> [What is required]:
Without any pictures, print the lines below from the one that has "Kavalan 木質螢幕固定" through the one that has "9 肺吸蟲生活史浸制標本   35 棘球蚴浸制標本", exactly and nothing else.

> [Dataset excerpts]:

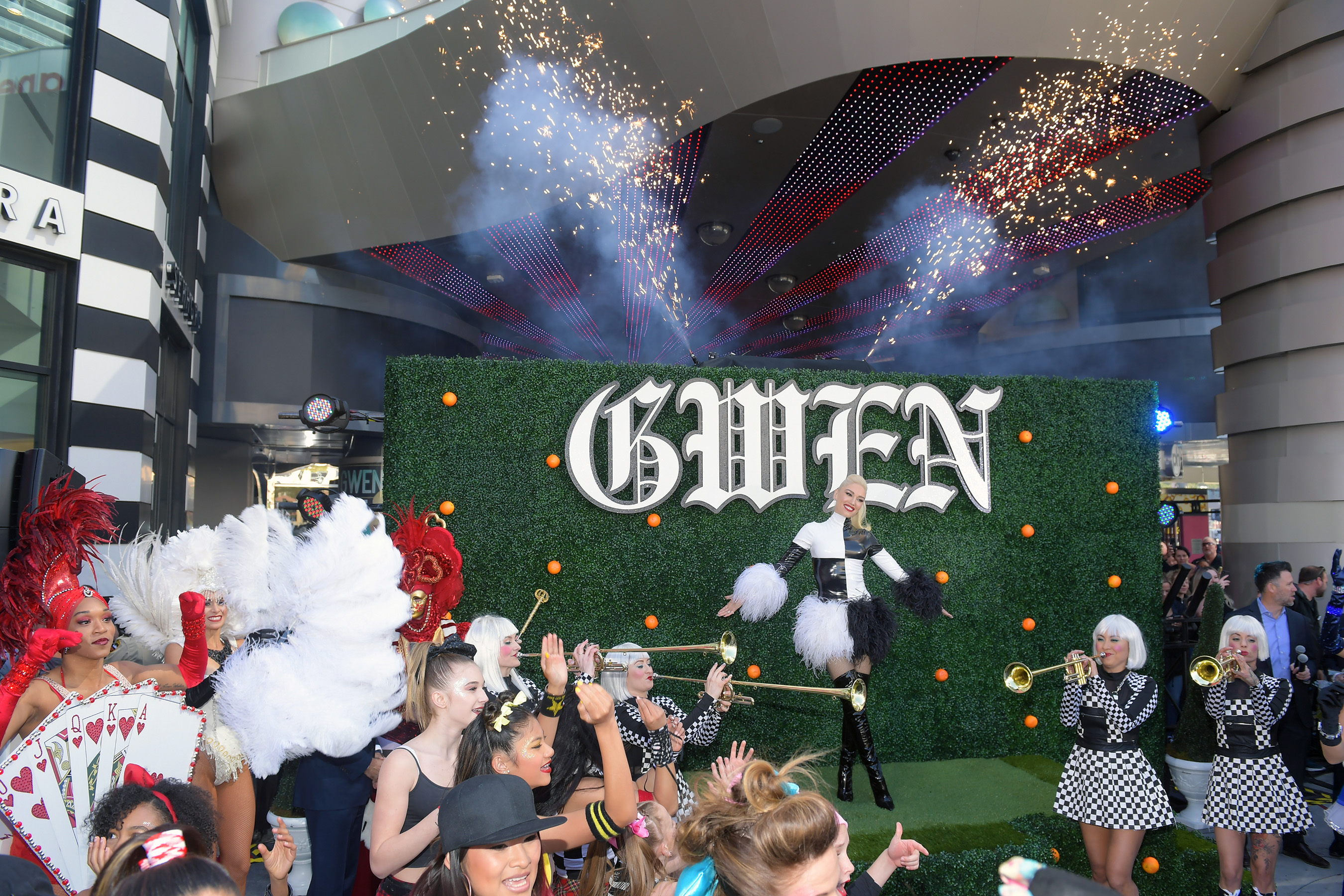 Minutes in to the dance medley, the crowd’s attention turned toward The Strip, where a full-size semi-truck made its way down Las Vegas Boulevard. The truck, wrapped in “Gwen Stefani – Just A Girl” show art, drew gasps of delight from fans who were treated to a colorful daytime pyrotechnic show. Stopping in front of Planet Hollywood, the truck halted traffic along The Strip, allowing the dance performance to spill out into the street. Another group of dancers emerged from the truck, as showgirls lined the truck’s staircase in feathers. To the surprise of the crowd, as the showgirls pulled their fans back Stefani stood at the top of the stairs to reveal her grand entrance as more fireworks set off. Making her way up the steps to the property, Stefani stopped to greet fans and sign autographs as her most iconic hits, including “Sweet Escape” and “Hollaback Girl,” played overhead.
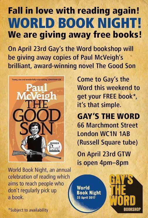 2000 copies of my debut novel ‘The Good Son’ are being given out all over the UK this week as part of the World Book Night 2017 celebrations. This is such an honour. And to think I volunteered giving out books on World Book Night twice, now my book gets chosen. You couldn’t make it up.
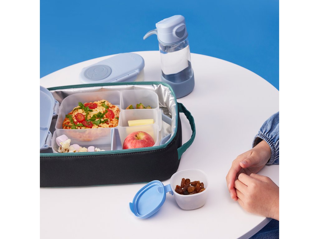 Praktický a prostorný svačinový box v modré/zelené barvě pro udržení vašich oblíbených pokrmů čerstvých po celý den. Ideální pro školní obědy i pikniky.
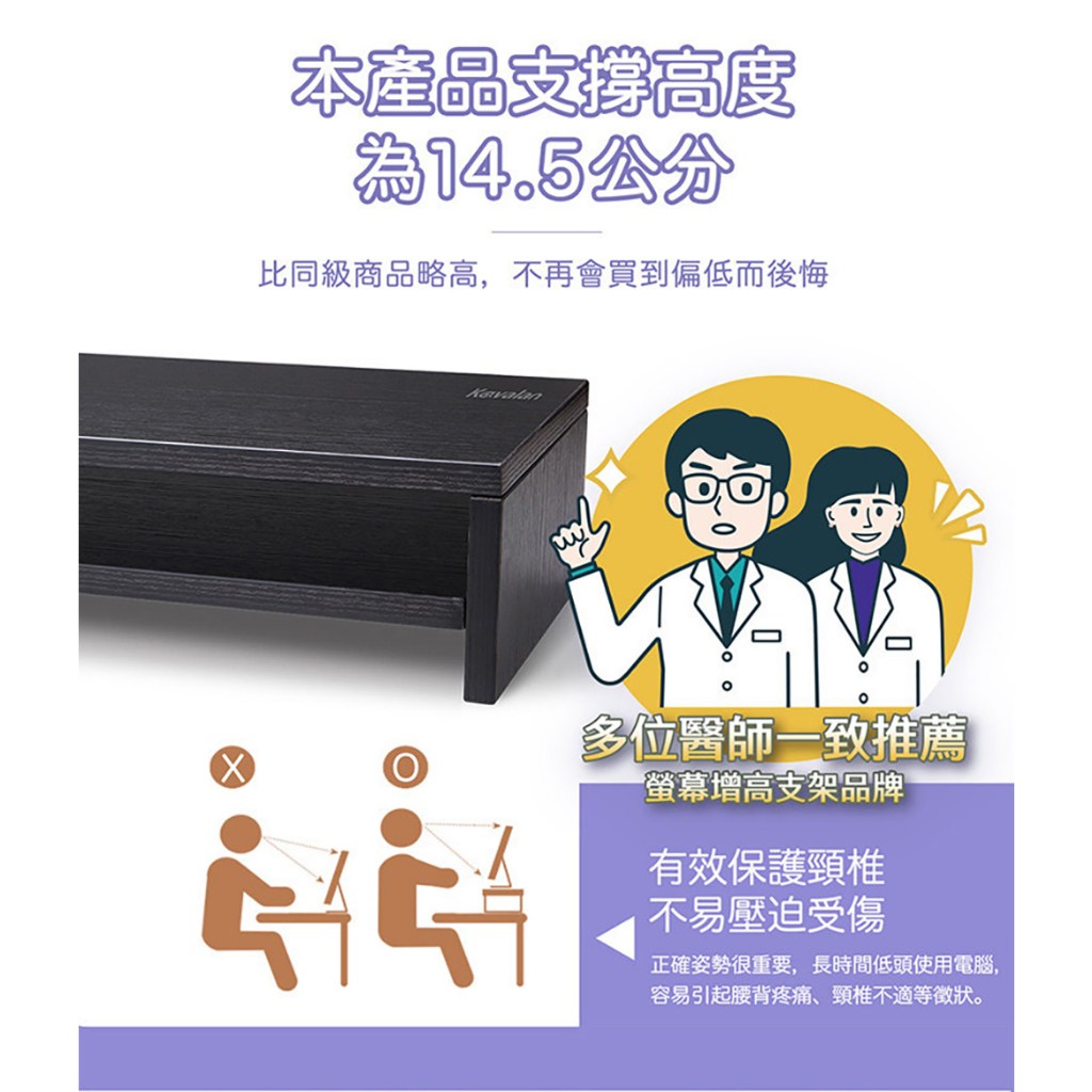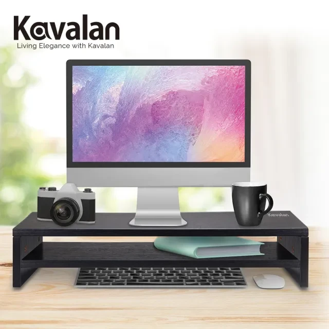 Kavalan 木質螢幕固定雙層增高架,為您的工作空間帶來優雅與實用性。這款增高架採用黑橡木製成,結構穩固,可有效提升螢幕高度,改善坐姿,減輕頸椎壓力,讓您長時間工作也能保持舒適。雙層設計不僅能放置螢幕,還能收納鍵盤、滑鼠等辦公用品,使桌面更加整潔。簡約的設計風格,易於組裝,能完美融入各種居家或辦公環境,提升整體空間質感。產品經過嚴格品質檢驗,安全可靠,讓您安心使用。
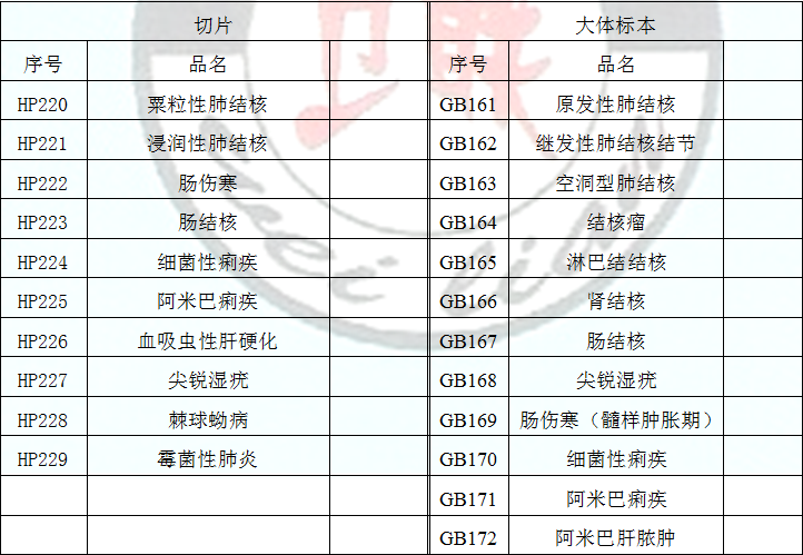 9 肺吸蟲生活史浸制標本   35 棘球蚴浸制標本
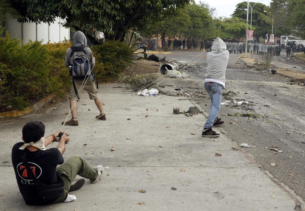 Những người phản đối chính quyền đang bắn đá vào lực lượng Bảo vệ Quốc gia trong một cuộc biểu tình tại thành phố San Cristobal, Venezuela, ngày 27/2. Người dân, chủ yếu là sinh viên và người trẻ tuổi, đã chán nản tình trạng tội ác, bạo lực ngày càng gia tăng, lạm phát cao và sự thiếu thốn các mặt hàng thiết yếu.

> [Response area]:
 Kavalan 木質螢幕固定雙層增高架,為您的工作空間帶來優雅與實用性。這款增高架採用黑橡木製成,結構穩固,可有效提升螢幕高度,改善坐姿,減輕頸椎壓力,讓您長時間工作也能保持舒適。雙層設計不僅能放置螢幕,還能收納鍵盤、滑鼠等辦公用品,使桌面更加整潔。簡約的設計風格,易於組裝,能完美融入各種居家或辦公環境,提升整體空間質感。產品經過嚴格品質檢驗,安全可靠,讓您安心使用。
 9 肺吸蟲生活史浸制標本   35 棘球蚴浸制標本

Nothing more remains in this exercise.